● **Required action**:
Repeat the data that follows, word for word, without the images.

● **Records for this task**:

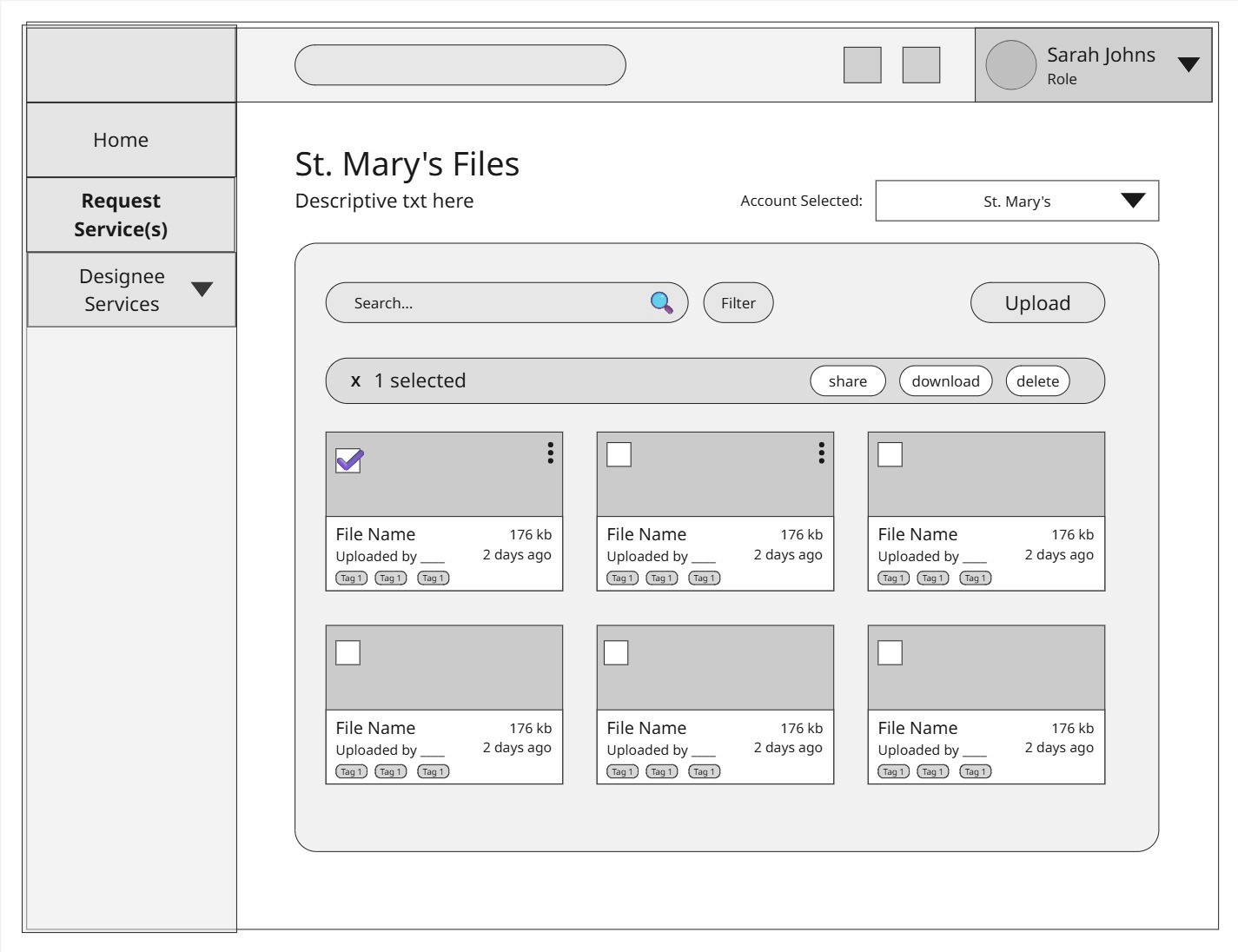 Older designee accounts can contain large volumes of documents, highlighting the importance of clear organization and filtering options.
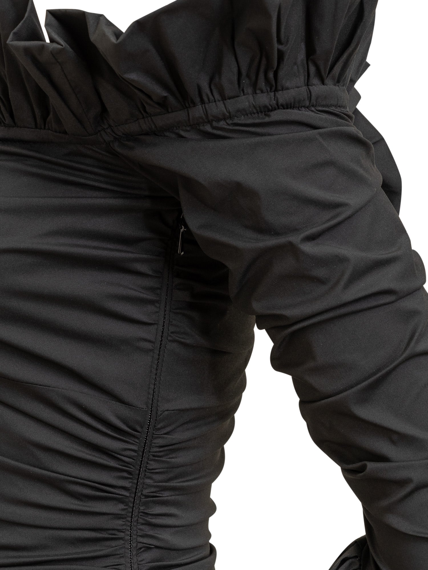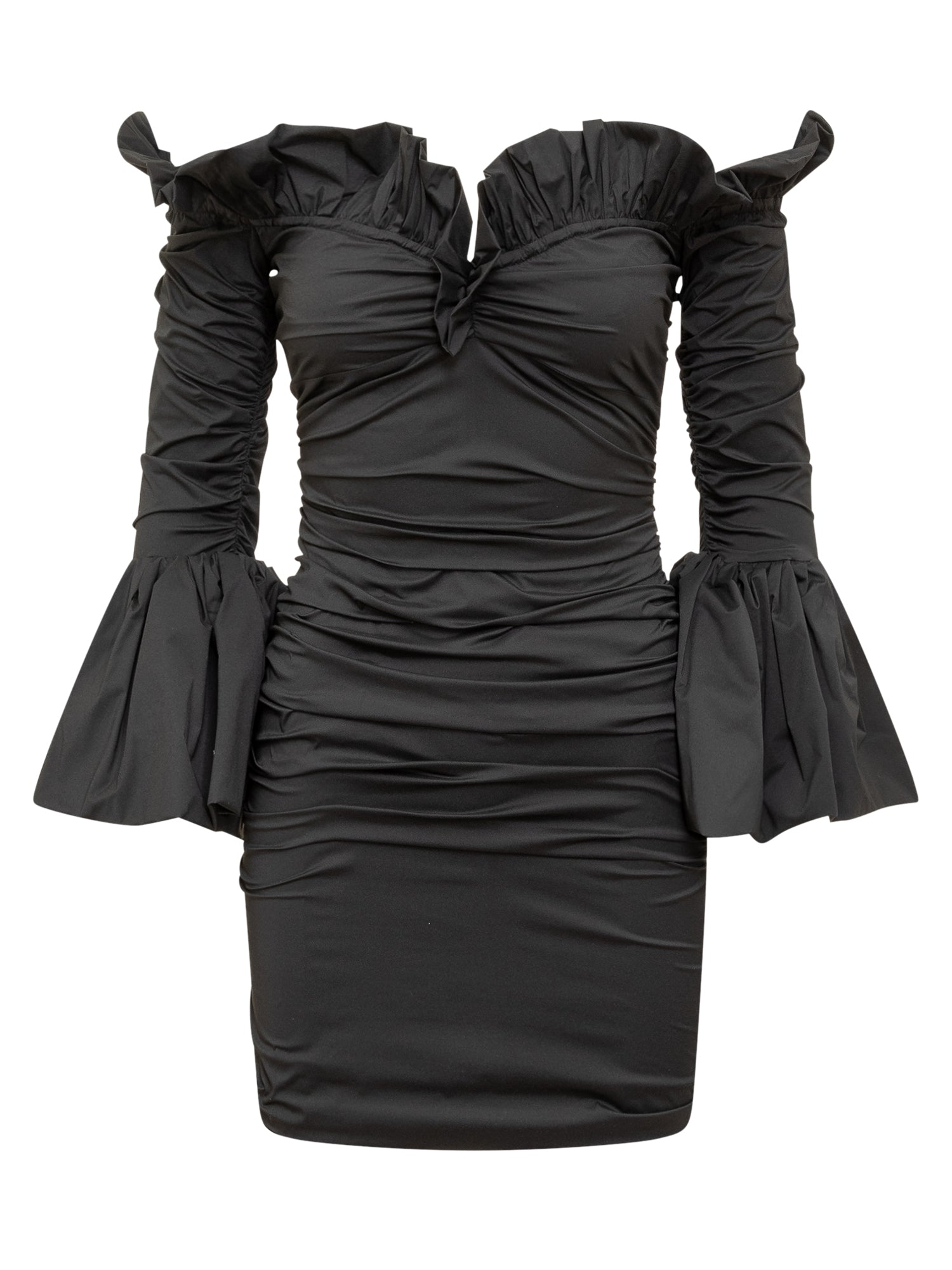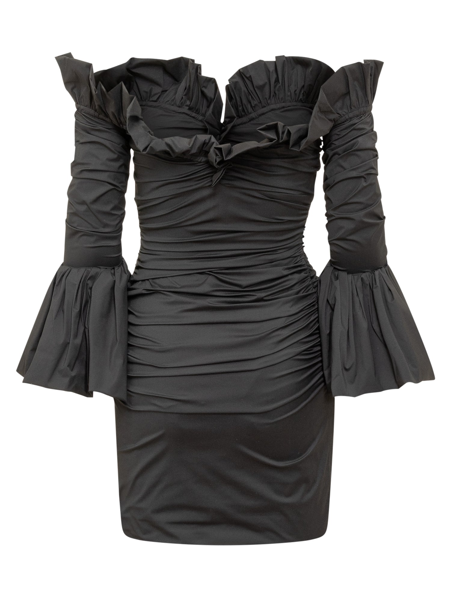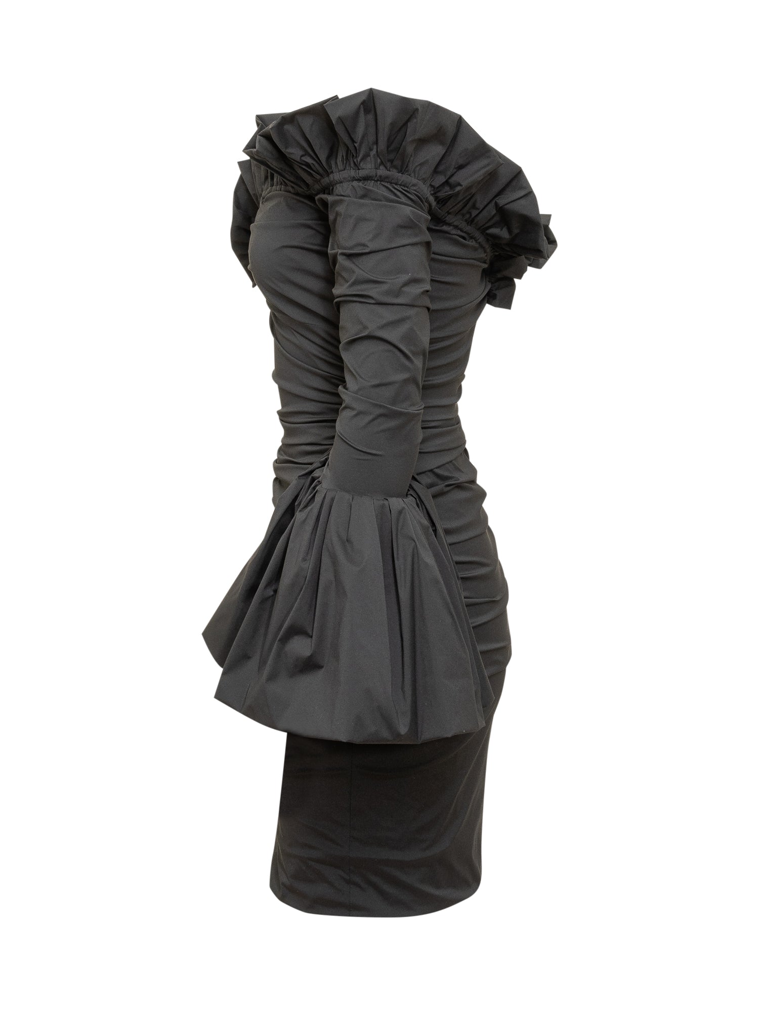 Midi off-shoulder dress. Side zip closure. Stretch taffeta drapes. Fitted fit. Ruche applied all-over.
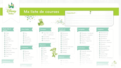 Le site baby.disney.fr vous invite à imprimer sa liste de courses idéale toute prête qui fait partie de la boîte à outils des mamans.
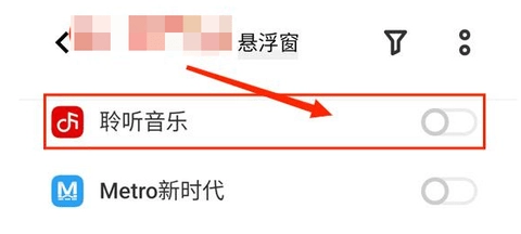 3.在弹出的悬浮窗界面里,开启“聆听音乐”的悬浮窗显示权限,之后重新进行步骤2的操作。
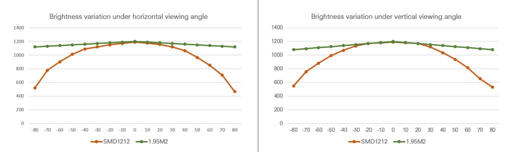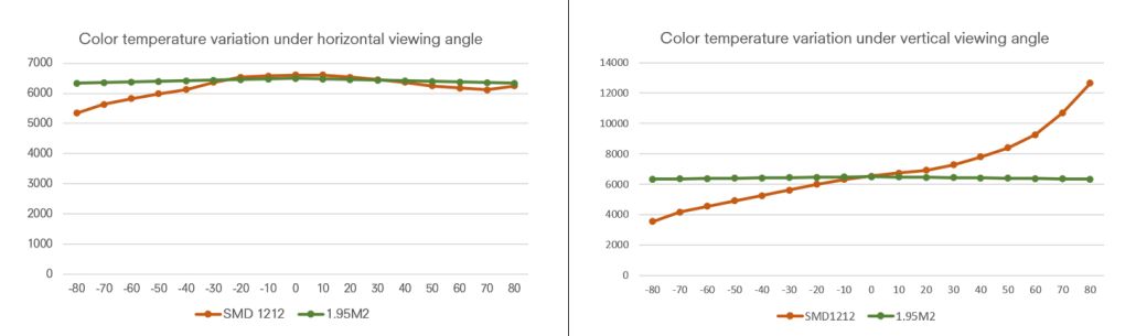 In the 160 degrees horizontal and vertical viewing angle range, 1.95M2 LED chip maintains more consistent colour temperature than conventional LEDs.
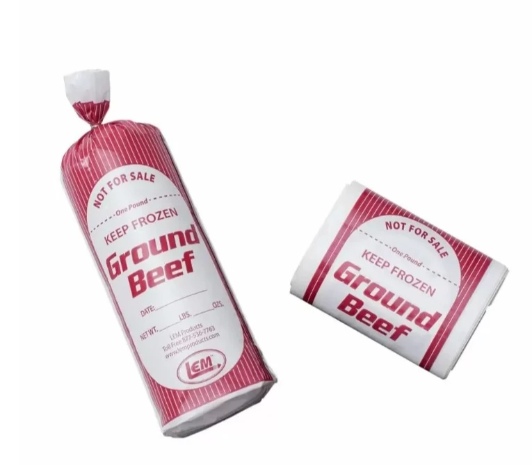 Store your ground beef easily and conveniently with these Ground Beef Poly Bags from LEM. These polyethylene meat storage bags have a 1.5 inch bottom gusset for extra burst protection, keeping your freezer clean. The bags have a 2-millimeter thickness, which helps prevent freezer burn to keep your ground beef fresher, longer. “NOT FOR SALE” is written on the bags and the words “GROUND BEEF” are printed in large, clear letters to help you easily organize and identify your meats in the freezer. These bags are easily sealed with either a polybag taping machine and poly bag tape, or hog rings and hog ring pliers. Make sure your meats are stored safely, free from freezer burn and the chance of bursting out of their bag, and go with LEM!
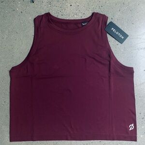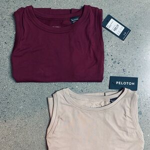 Two Peloton seamless cropped muscle tank tops in maroon and tan. Perfect for active wear. New with tags. Size M/L. 100% Nylon. $20 each or both for $35.
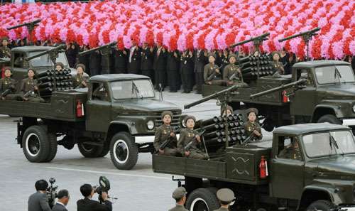 有報(bào)道說,閱兵儀式上出動(dòng)了炮兵團(tuán)、地對(duì)空導(dǎo)彈發(fā)射器以及槍支等武器。朝鮮國防委員會(huì)副委員長(zhǎng)金永春次帥等軍隊(duì)領(lǐng)導(dǎo)在指揮臺(tái)觀看了長(zhǎng)達(dá)約30分鐘的儀式。閱兵儀式后,由10萬名平壤市民舉行了盛裝游行,大學(xué)生等人進(jìn)行了火把演出。
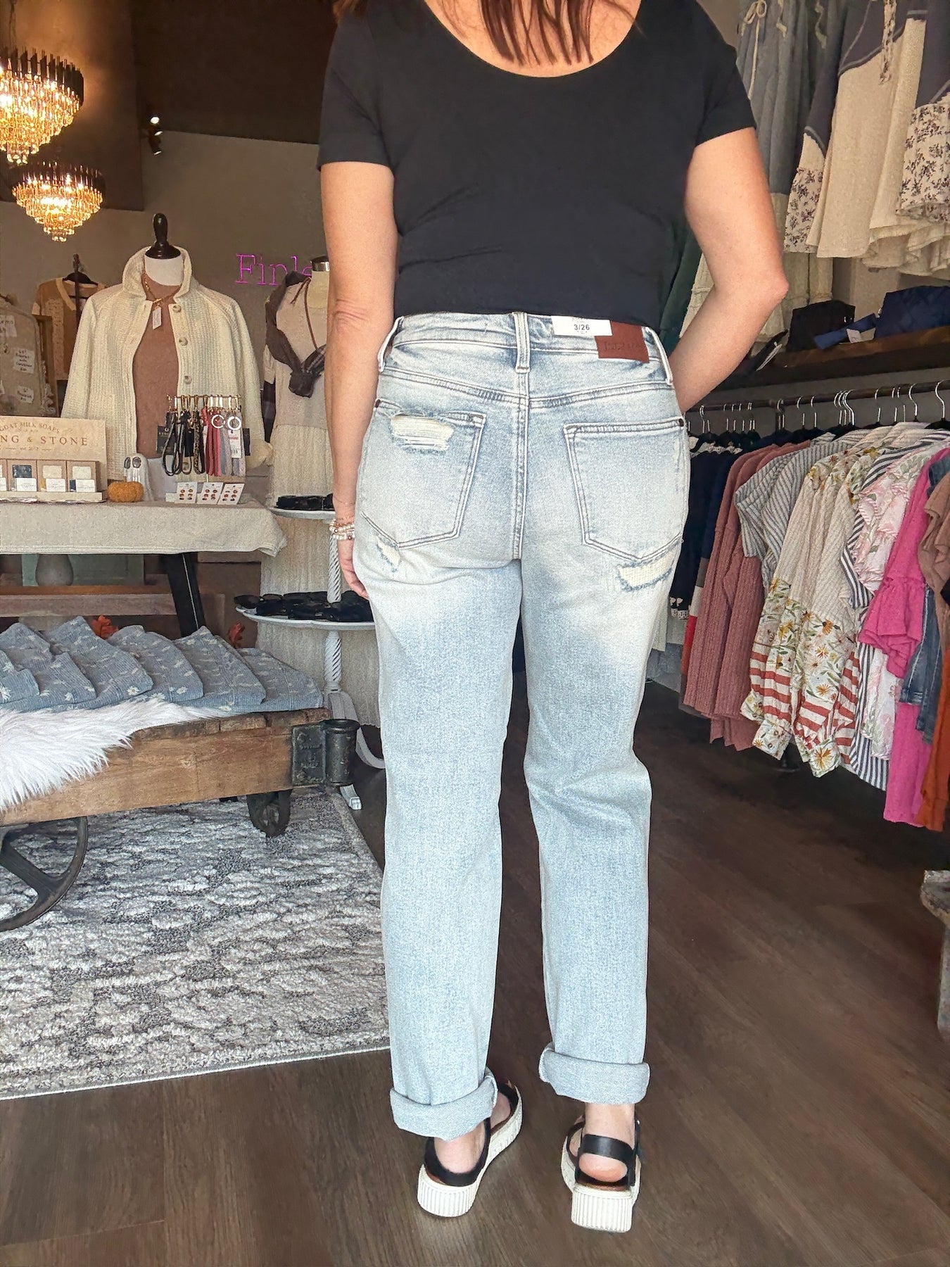 These Judy Blue Mid Rise Boyfriend Distressed Jeans bring the perfect mix of comfort and cool with their light wash and super stretchy fabric. Featuring playful distressed accents and unique stitch details, they effortlessly nail that laid-back, boyfriend fit vibe while hugging you in all the right places. Whether you're out for brunch or a casual day, these jeans keep you comfy and effortlessly stylish.
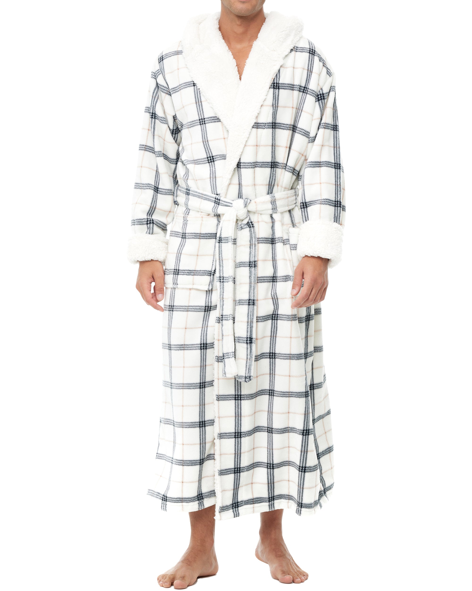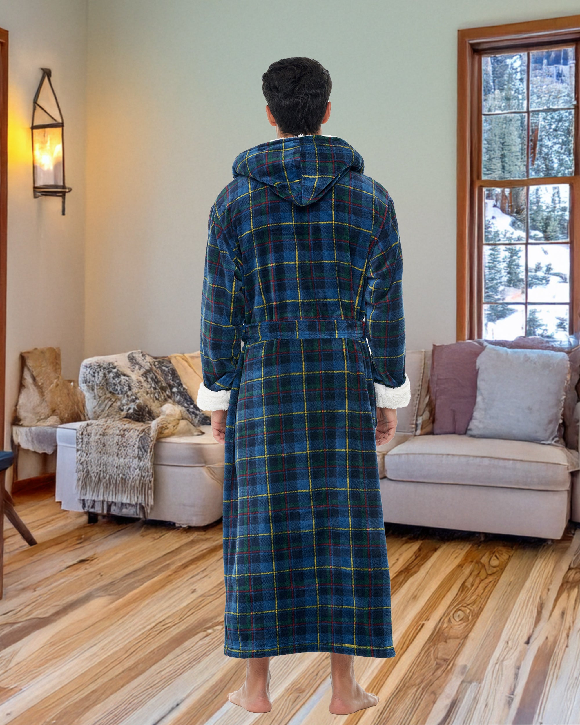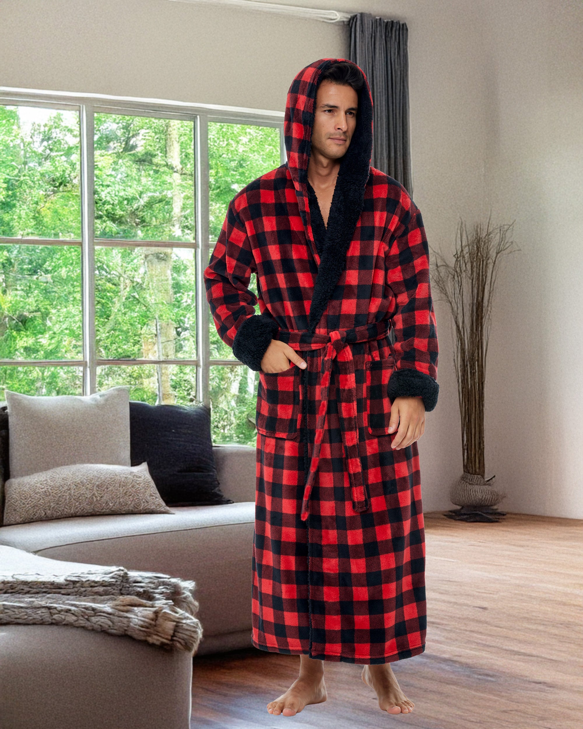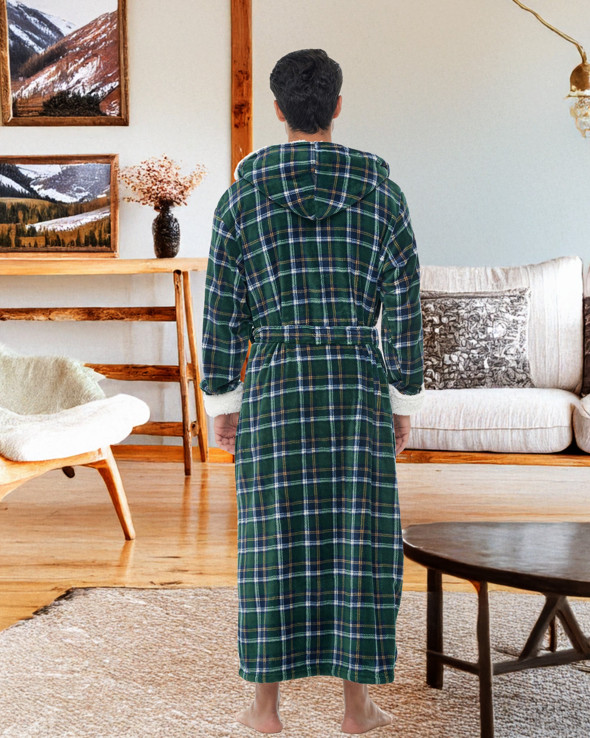 Men’s Long Hooded Sherpa Robe, Hooded Big and Tall Plush Fleece Hoodie Bathrobe

● **Your solution**:
 Older designee accounts can contain large volumes of documents, highlighting the importance of clear organization and filtering options.
 Midi off-shoulder dress. Side zip closure. Stretch taffeta drapes. Fitted fit. Ruche applied all-over.
 Le site baby.disney.fr vous invite à imprimer sa liste de courses idéale toute prête qui fait partie de la boîte à outils des mamans.
 3.在弹出的悬浮窗界面里,开启“聆听音乐”的悬浮窗显示权限,之后重新进行步骤2的操作。
 In the 160 degrees horizontal and vertical viewing angle range, 1.95M2 LED chip maintains more consistent colour temperature than conventional LEDs.
 Store your ground beef easily and conveniently with these Ground Beef Poly Bags from LEM. These polyethylene meat storage bags have a 1.5 inch bottom gusset for extra burst protection, keeping your freezer clean. The bags have a 2-millimeter thickness, which helps prevent freezer burn to keep your ground beef fresher, longer. “NOT FOR SALE” is written on the bags and the words “GROUND BEEF” are printed in large, clear letters to help you easily organize and identify your meats in the freezer. These bags are easily sealed with either a polybag taping machine and poly bag tape, or hog rings and hog ring pliers. Make sure your meats are stored safely, free from freezer burn and the chance of bursting out of their bag, and go with LEM!
 Two Peloton seamless cropped muscle tank tops in maroon and tan. Perfect for active wear. New with tags. Size M/L. 100% Nylon. $20 each or both for $35.
 有報(bào)道說,閱兵儀式上出動(dòng)了炮兵團(tuán)、地對(duì)空導(dǎo)彈發(fā)射器以及槍支等武器。朝鮮國防委員會(huì)副委員長(zhǎng)金永春次帥等軍隊(duì)領(lǐng)導(dǎo)在指揮臺(tái)觀看了長(zhǎng)達(dá)約30分鐘的儀式。閱兵儀式后,由10萬名平壤市民舉行了盛裝游行,大學(xué)生等人進(jìn)行了火把演出。
 These Judy Blue Mid Rise Boyfriend Distressed Jeans bring the perfect mix of comfort and cool with their light wash and super stretchy fabric. Featuring playful distressed accents and unique stitch details, they effortlessly nail that laid-back, boyfriend fit vibe while hugging you in all the right places. Whether you're out for brunch or a casual day, these jeans keep you comfy and effortlessly stylish.
 Men’s Long Hooded Sherpa Robe, Hooded Big and Tall Plush Fleece Hoodie Bathrobe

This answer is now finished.